Take nothing but the lines from the one with "Krásná termoska v" through the one with "隽思提供的产品包括桌游卡片(纸牌游戏、纸" in the entries below, both ends kept, and return them exactly with pictures left out.

**DATA SUPPLIED**
--------

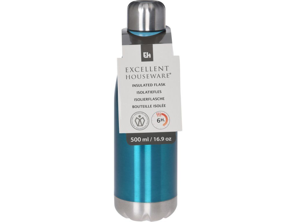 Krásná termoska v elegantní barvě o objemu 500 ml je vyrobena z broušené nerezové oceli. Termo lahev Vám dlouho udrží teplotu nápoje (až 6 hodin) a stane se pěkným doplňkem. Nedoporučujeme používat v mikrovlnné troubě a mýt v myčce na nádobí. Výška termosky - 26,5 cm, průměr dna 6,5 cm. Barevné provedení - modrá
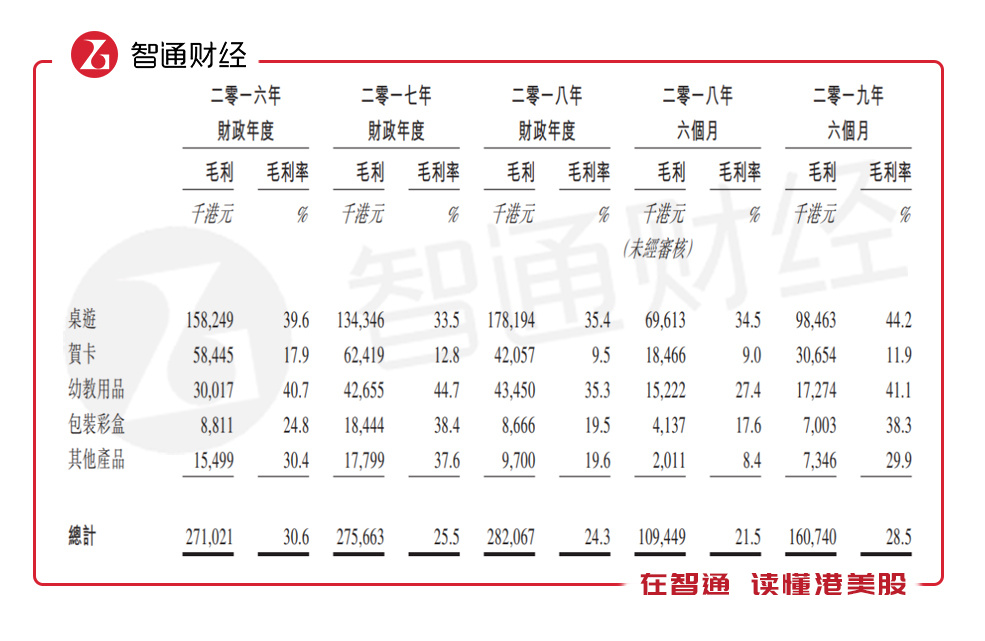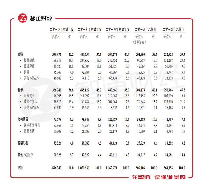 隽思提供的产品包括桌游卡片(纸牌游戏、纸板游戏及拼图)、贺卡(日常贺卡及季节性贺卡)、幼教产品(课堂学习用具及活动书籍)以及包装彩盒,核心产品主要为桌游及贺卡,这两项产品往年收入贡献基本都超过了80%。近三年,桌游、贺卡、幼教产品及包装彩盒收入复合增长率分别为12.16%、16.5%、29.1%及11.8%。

--------

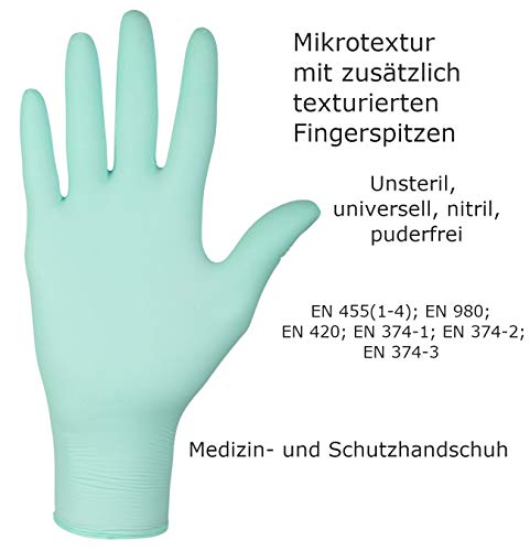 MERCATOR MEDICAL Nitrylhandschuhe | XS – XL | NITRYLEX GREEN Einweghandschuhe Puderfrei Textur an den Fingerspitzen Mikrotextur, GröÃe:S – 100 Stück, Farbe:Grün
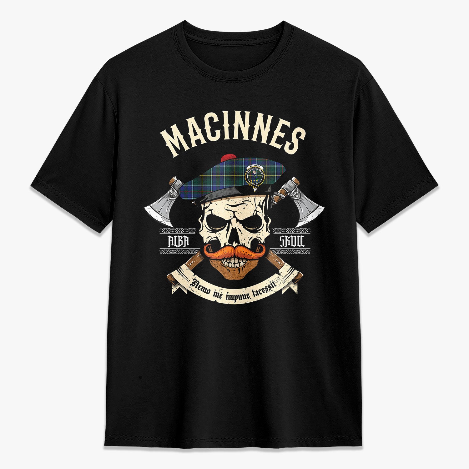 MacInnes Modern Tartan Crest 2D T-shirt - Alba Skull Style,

--------

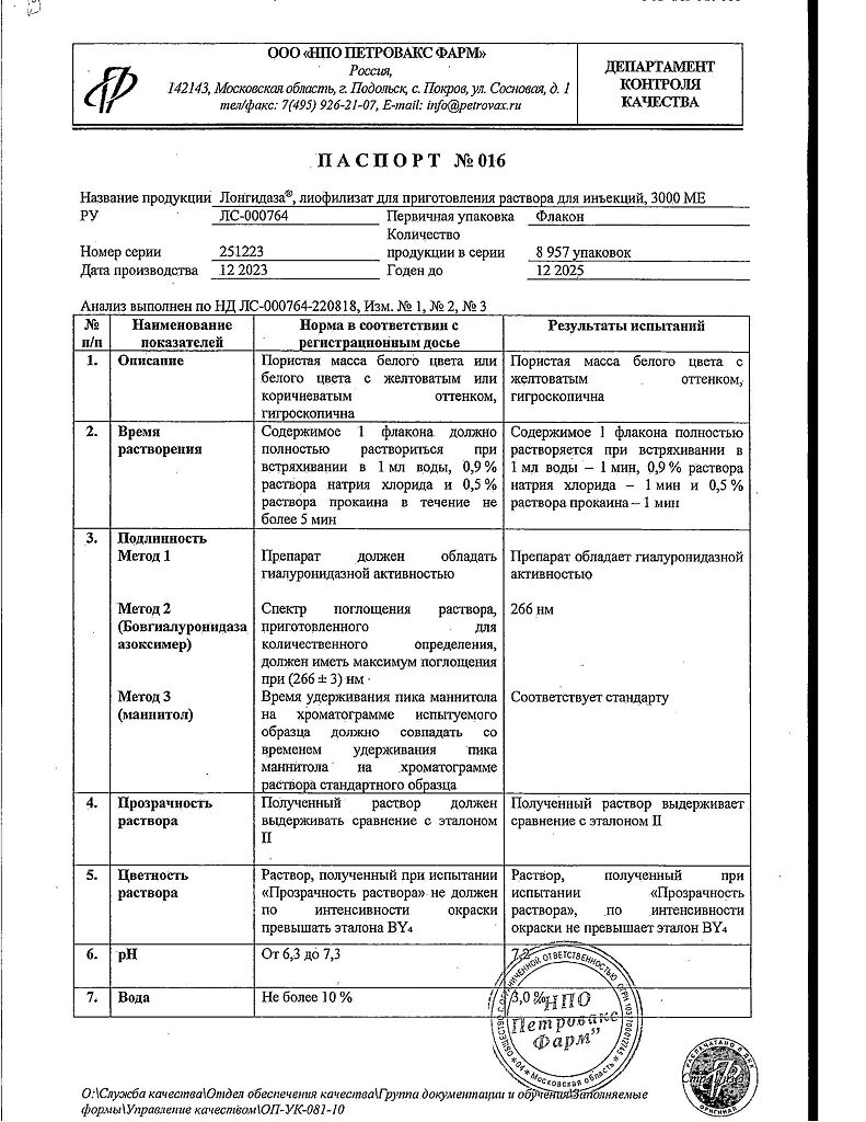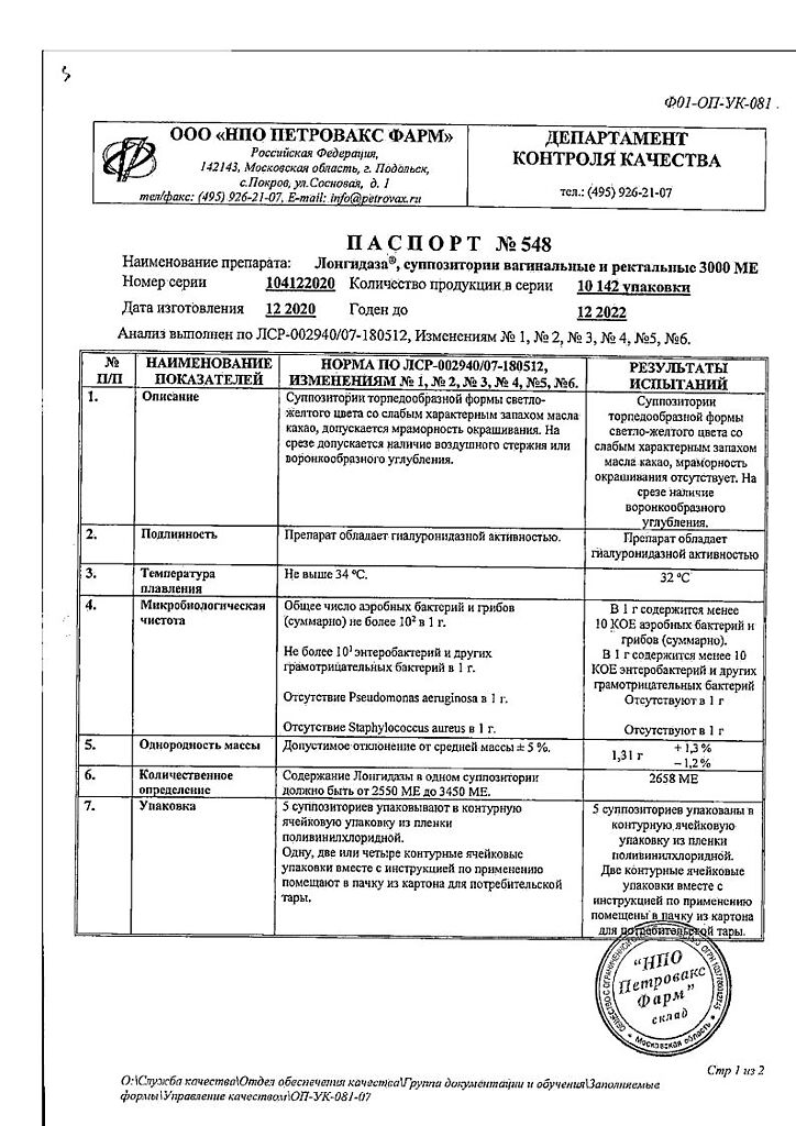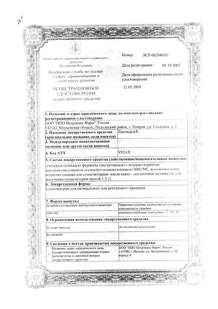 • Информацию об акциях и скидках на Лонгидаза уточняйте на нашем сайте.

--------

**OUTPUT**
 Krásná termoska v elegantní barvě o objemu 500 ml je vyrobena z broušené nerezové oceli. Termo lahev Vám dlouho udrží teplotu nápoje (až 6 hodin) a stane se pěkným doplňkem. Nedoporučujeme používat v mikrovlnné troubě a mýt v myčce na nádobí. Výška termosky - 26,5 cm, průměr dna 6,5 cm. Barevné provedení - modrá
 隽思提供的产品包括桌游卡片(纸牌游戏、纸板游戏及拼图)、贺卡(日常贺卡及季节性贺卡)、幼教产品(课堂学习用具及活动书籍)以及包装彩盒,核心产品主要为桌游及贺卡,这两项产品往年收入贡献基本都超过了80%。近三年,桌游、贺卡、幼教产品及包装彩盒收入复合增长率分别为12.16%、16.5%、29.1%及11.8%。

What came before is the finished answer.